Шрифт:
Интервал:
Закладка:
Таким образом, человеческую жизнь можно изобразить как график дифференциации: насколько далеко он смог отделиться от автоматических зависимостей, стать индивидуальностью, насколько способен контактировать на новом уровне выбираемых им самим любви, ответственности и творческой работы? А теперь мы возвращаемся к психологической борьбе, связанной с этим отделением личности от масс.
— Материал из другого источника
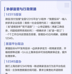 3、向监管部门,寻求外部帮助如果对平台的处理结果不满意,或者问题比较严重,比如涉及金额较大、假货泛滥等,可以考虑向外部监管部门举报。你可以拨打消费者投诉热线12315,或者通过“全国12315平台”网站、APP、小程序进行线上投诉。在投诉时,同样需要提交详细的证据材料,并写明被投诉商家的准确名称,以及拼多多平台的主体公司信息。市场监管部门会依法进行调查处理,这能给商家和平台带来更大的约束力,是维护权益的有力后盾。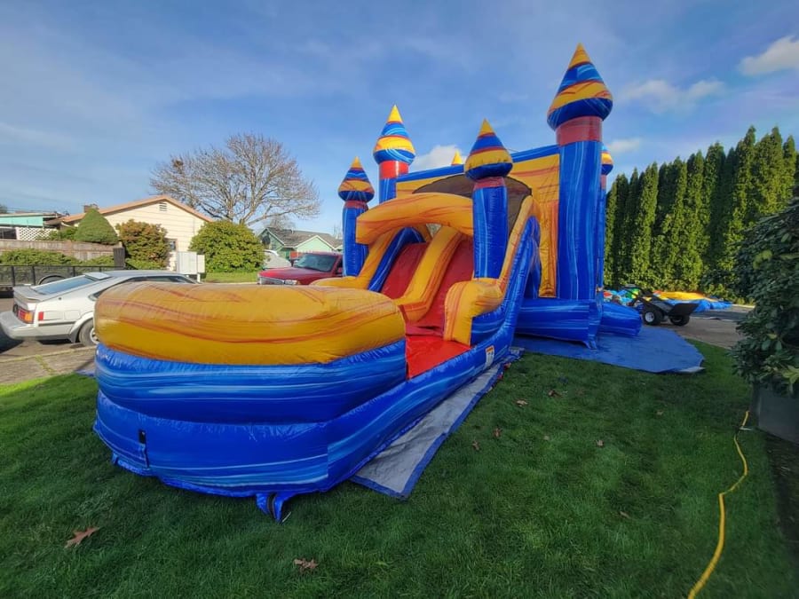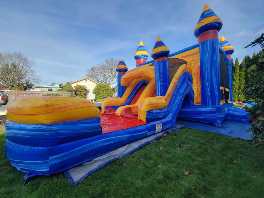 The Artic Dual Lane Combo is one cool inflatable! Its dual lane slide, bounce house, climb wall, and basketball hoop means it can easily keep kids entertained! This combo is an all season wet or dry use. It's bright colors makes this unit stand out and brings countless hours of fun for everyone at your Next Party or Event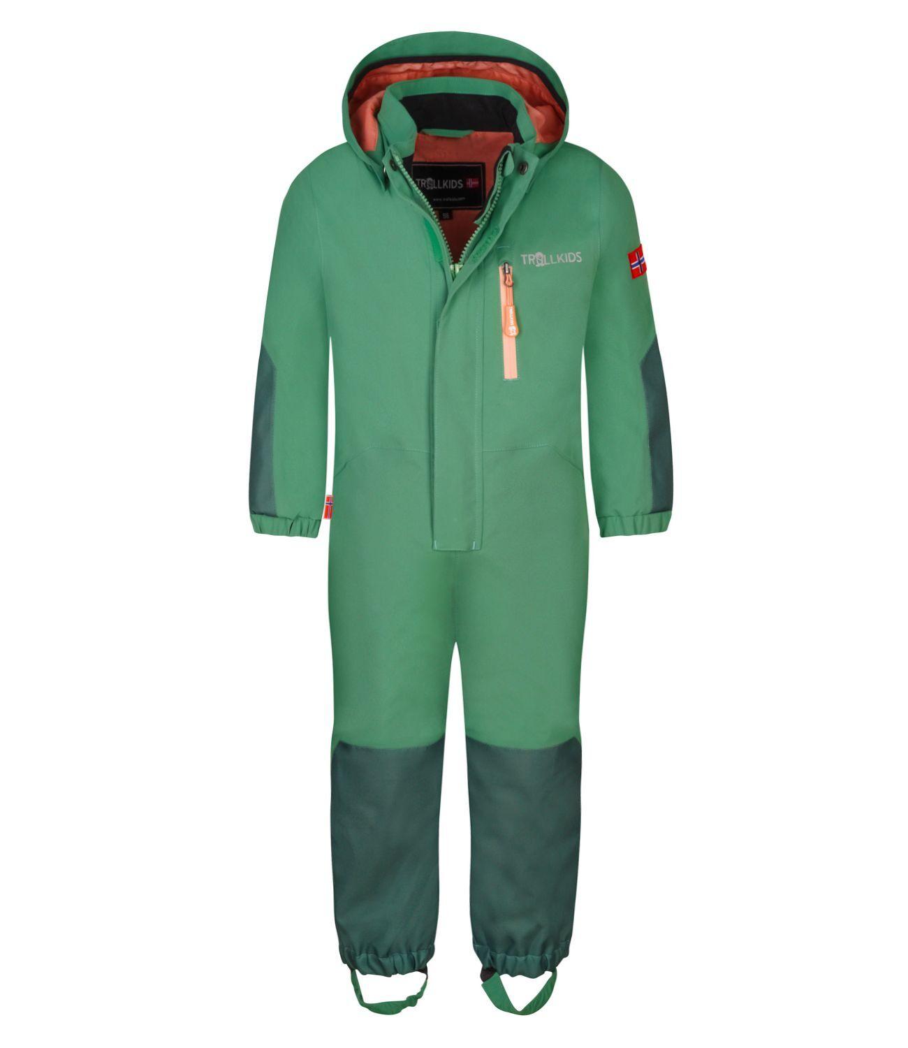 Da kommt kein Wasser rein: Der KIDS BERGEN OVERALL hat eine wasserdichte Membran und eine Windschutzleiste über dem Frontreißverschluss. Die verstellbare Kapuze ist mittels Druckknöpfe abnehmbar und liegt durch einen inliegenden Elastik-Einsatz eng am Kopf an. Abnehmbare Fußschlaufen halten die Hosenbeine zuverlässig über den Schuhen, so dass Wasser zuverlässig draußen bleibt. Für die notwendige Robustheit beim Spielen und Toben sorgen Verstärkungen im Ellenbogen-, Knie- und Gesäßbereich. Eine Raffung hinten an der Taille sorgt für den guten Sitz des Overalls, und reflektierende Details erhöhen die Sichtbarkeit. In der Brusttasche mit Reißverschluss können Kleinigkeiten sicher verstaut werden. Gewicht: 430 g (Größe: 128).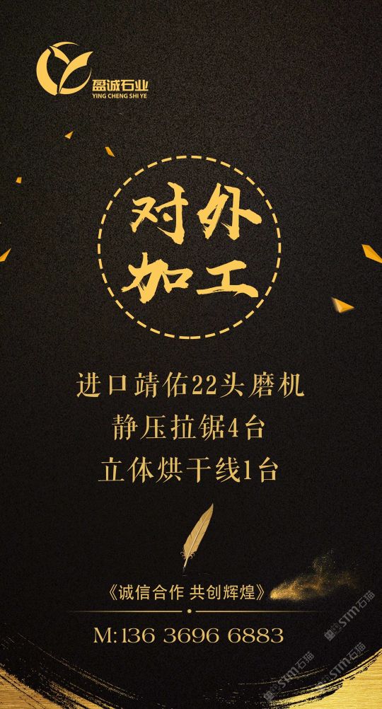 加工廠內(nèi)設(shè)進(jìn)口靖佑22頭磨機(jī),靜壓拉鋸4臺,立體烘干線1臺。5臺快鋸、16頭自動磨、3臺中切機(jī)、雙層補(bǔ)板線及烘干線、紅外線橋切、倒角磨邊機(jī)械、大型工程深加工,集設(shè)計(jì)、銷售,加工一體化流水式作業(yè)。承接外墻干掛、園林鋪地、異形加工、條板批發(fā)及出口訂單。本公司一直堅(jiān)持從礦山源頭把關(guān),為客戶爭取更大的品質(zhì)與優(yōu)勢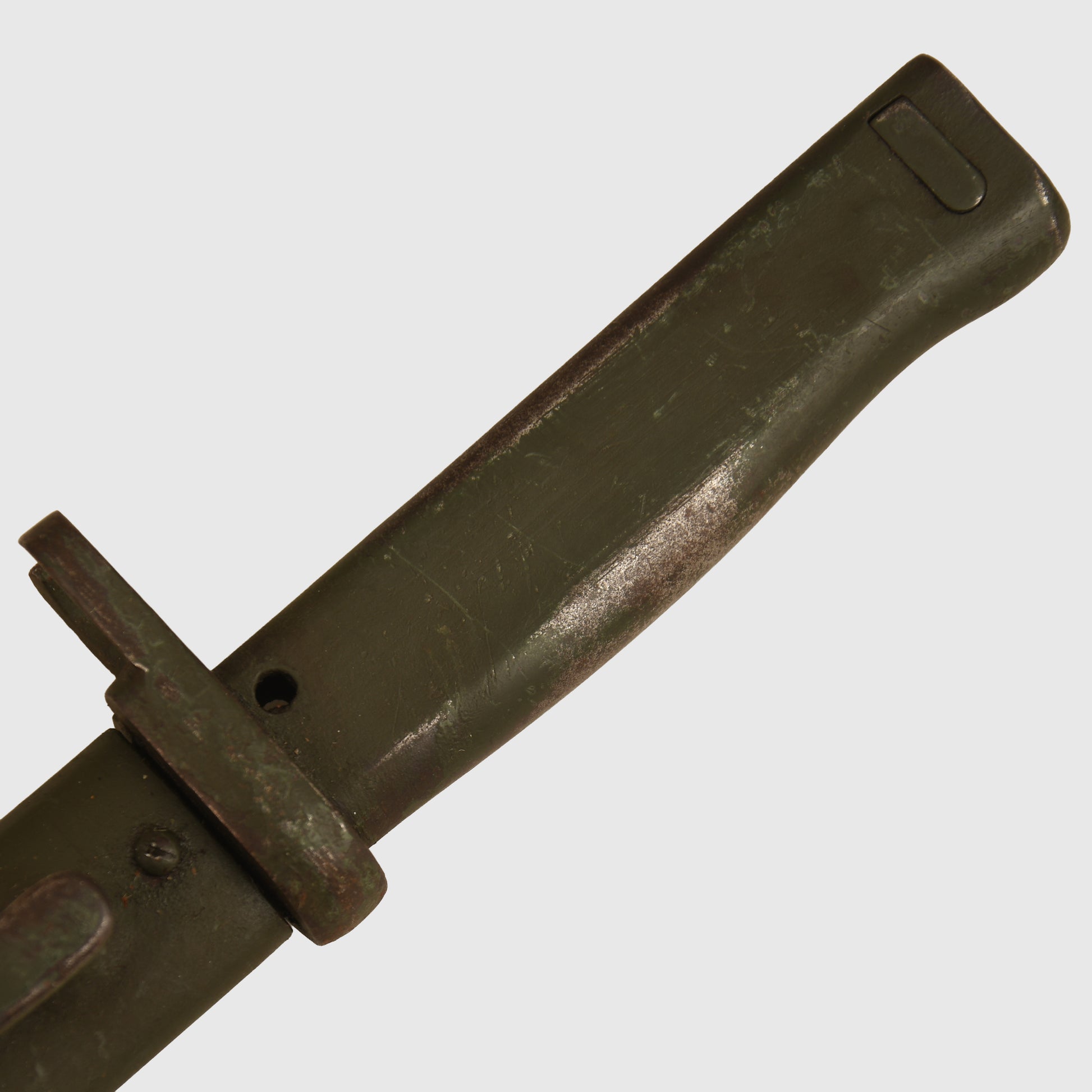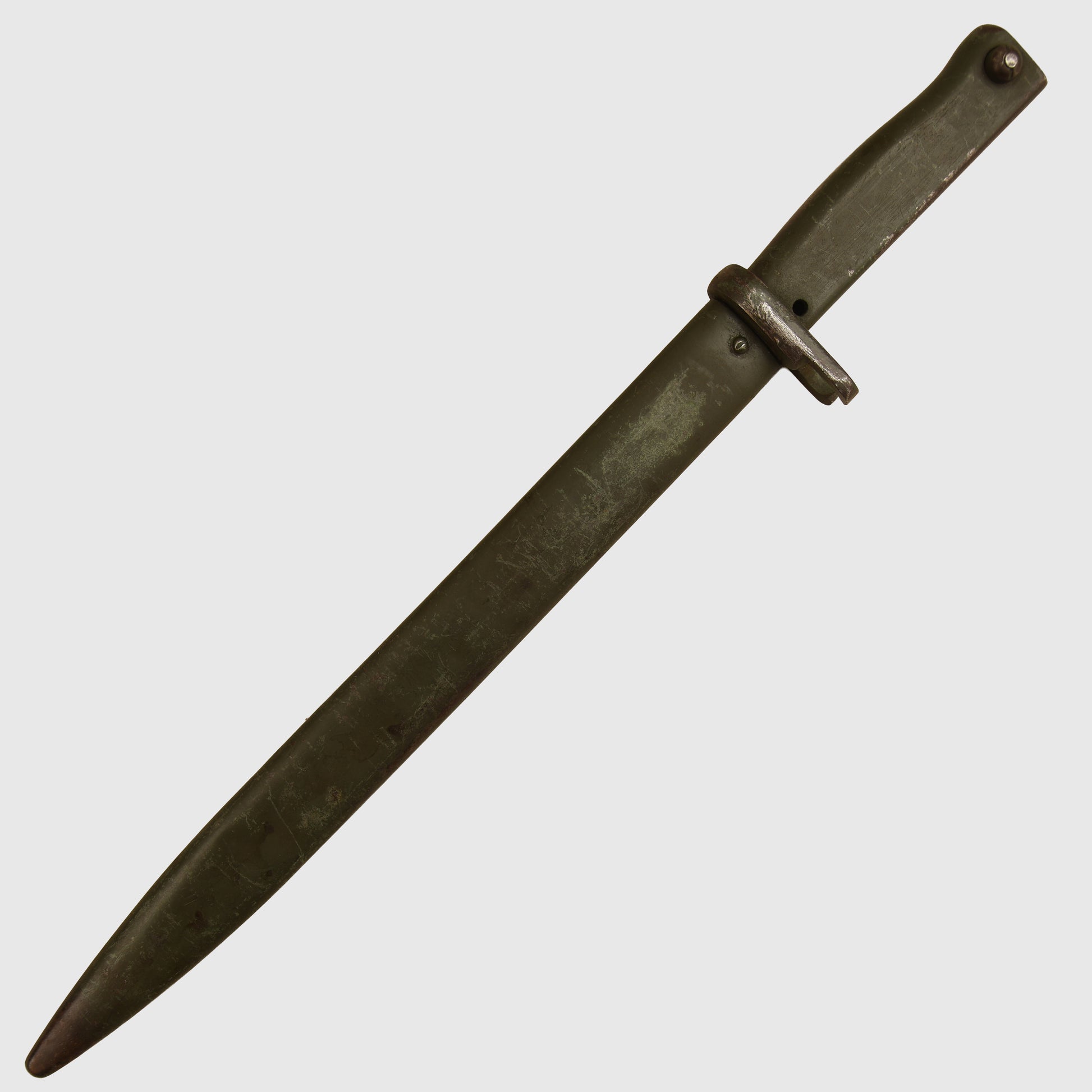 Very nice condition ersatz bayonet with much original paint finish remaining, having faint visible Imperial German acceptance stamps on the rear flat section of the blade. The rifle retaining system is working correctly.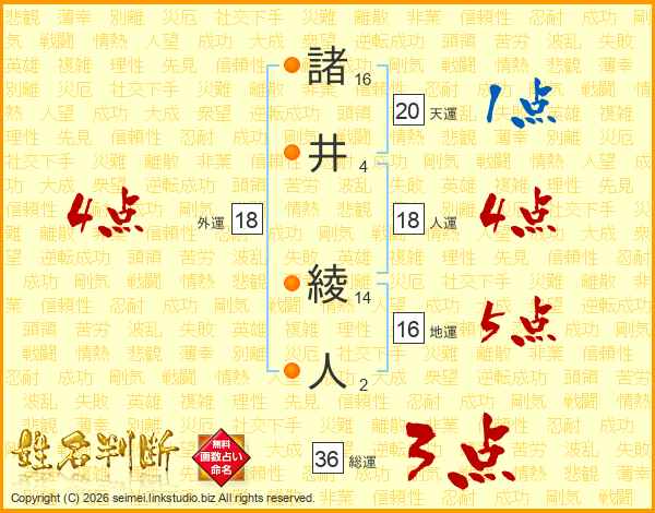 諸井綾人さんの外運は18画の4点!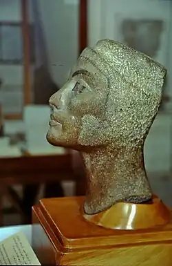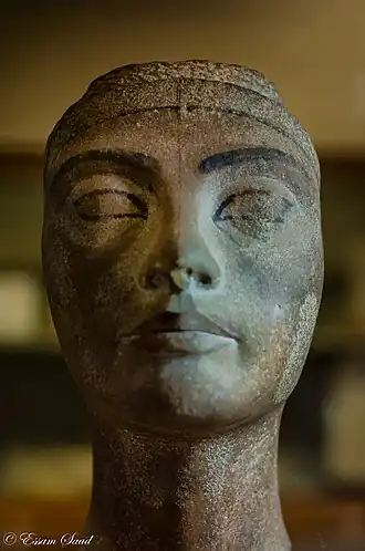 La Tête inachevée de Néfertiti, en quartzite brun, d'une hauteur de 35,5 cm, fut découverte en 1932 et est conservée au Musée égyptien du Caire depuis lors. Œuvre typique de l'art amarnien, ce portrait de la reine Néfertiti appartient à la XVIIIe dynastie et date du milieu du XIVe siècle av. J.-C.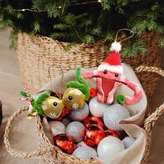 Deck the halls with microbes! Our new Testicles ornament is festively dressed up for the holidays! Special golden edition Testicles adorned with embroidered snowflakes and jingle bells. Includes gold loop for hanging on the tree.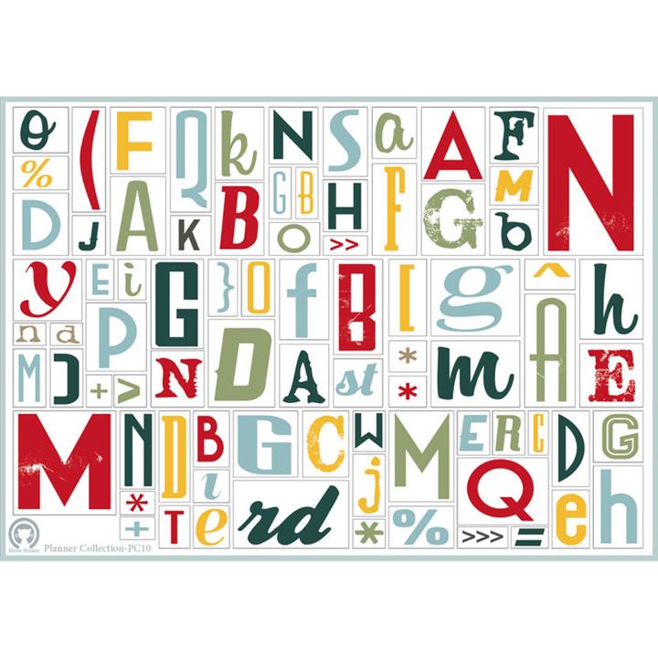 مشخصات فنی برچسب میو استیکر طرح اسکرپ بوک و بولت ژورنال مدل حروف کد PC10 -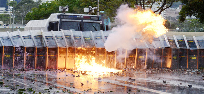 - تواصل الاشتباكات بين المتظاهرين وعناصر من الشرطة في كركاس محتجين على انتهاكات حقوق الإنسان من قبل الشرطة ضد المتظاهرين المعادين للحكومة..(أ ف ب)
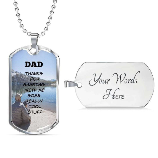 Dad Dog Tag Custom Picture Father’S Day Gift, Thanks For Sharing With Me Some Really Cool Stuff Dog Tag Military Chain Necklace For Dad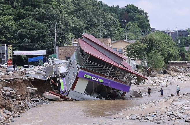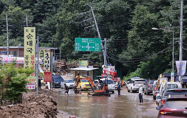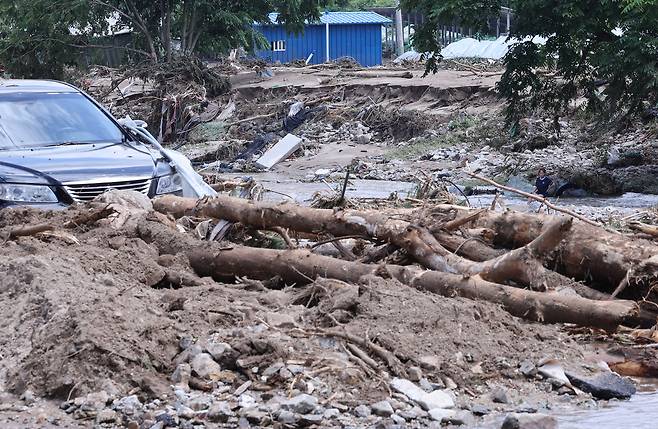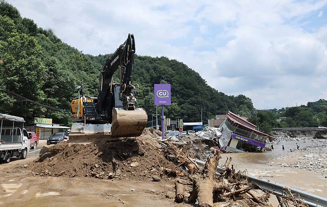경기 북부에 시간당 80mm에 달하는 폭우가 쏟아진 다음 날인 21일 경기 가평군 상면 원흥리에서 주민들이 피해 복구 작업을 벌이고 있다. 지난 16일부터 전국에 쏟아진 기록적인 폭우로 18명이 숨지고 9명이 실종되는 등 피해가 속출했다.

Младенец становится физически индивидуальным, когда перерезана пуповина при его рождении. Но пока не пришло время перерезать психологическую пуповину, ребенок остается привязанным к колышку на лужайке перед родительским домом – он не может уйти дальше, чем на длину его веревки. Его развитие заблокировано, и импульс свободы роста обращается внутрь и разлагается на негодование и злость. Люди, которым казалась терпимой жизнь в диаметре детской веревки, сталкиваются с огромным разочарованием при женитьбе, или устройстве на работу, или в конечном счете при смерти. В каждом кризисе они, фигурально и буквально, стремятся «вернуться к матери». Как рассказал один молодой муж: «Я не могу в достаточной мере любить свою жену, потому что слишком люблю свою мать». Его единственной ошибкой было применение слова «любовь» к своим отношениям с матерью. Настоящая любовь экспансивна и никогда не исключает любви к другим; только его связь с матерью, которая эксклюзивна, блокирует его способность любить жену. В наше время тенденция к тому, чтобы оставаться в этих кандалах, особенно сильна, поскольку когда общество настолько разрозненно, что перестает быть «матерью» в смысле предоставления личности минимальной последовательной поддержки, человек стремится как можно теснее прилепиться к физической матери из своего детства.
Реальный случай поможет нам увидеть нагляднее, что представляют собой эти связи и сложности, связанные с их разрывом. Этот случай не является исключением; на самом деле практически единственное его отличие от других состоит в том, что поведение матери было не столь изощренным или маскируемым, как во множестве других. У одаренного тридцатилетнего мужчины были гомосексуальные чувства и отсутствие каких-либо положительных чувств к женщинам, напротив, он очень сильно их боялся. Он избегал интимной близости с кем бы то ни было и также испытывал сложности с окончанием докторской диссертации для соискания ученой степени. Единственный ребенок в семье, он презирал своего отца за слабость и подчинение доминантной жене. Мать часто унижала мужа в присутствии сына. Однажды он слышал, как она сказала в споре: «Ты ценнее для нас мертвый, чем живой. Но ты всегда был таким трусом, что боишься сам лишить себя жизни». Мама тщательно одевала сына, когда он уходил в школу. Он не умел драться, и мать приходила в школу, когда требовалось защитить его от более грубых мальчишек. Она доверяла мальчику свои секреты, подробно рассказывала, сколько натерпелась от его отца, и требовала, чтобы он помогал ей с некоторыми деталями туалета, к чему он испытывал наибольшую неприязнь. Даже уже учась в колледже и возвращаясь домой на каникулы, он цепенел от ужаса, слыша, как мать поднимается по лестнице в ночи, и боялся, что она может зайти к нему в комнату, когда он не одет. Мать открыто состояла во внебрачной связи, что очень огорчало мальчика, и, как часто происходит в подобных ситуациях, он стал еще более ревностно относиться к ее вниманию. Впоследствии она пыталась препятствовать его свиданиям с девушками, но когда он все равно встречался, она стала пытаться организовать ему свидания с теми девушками, женитьба на которых могла улучшить ее социальное положение.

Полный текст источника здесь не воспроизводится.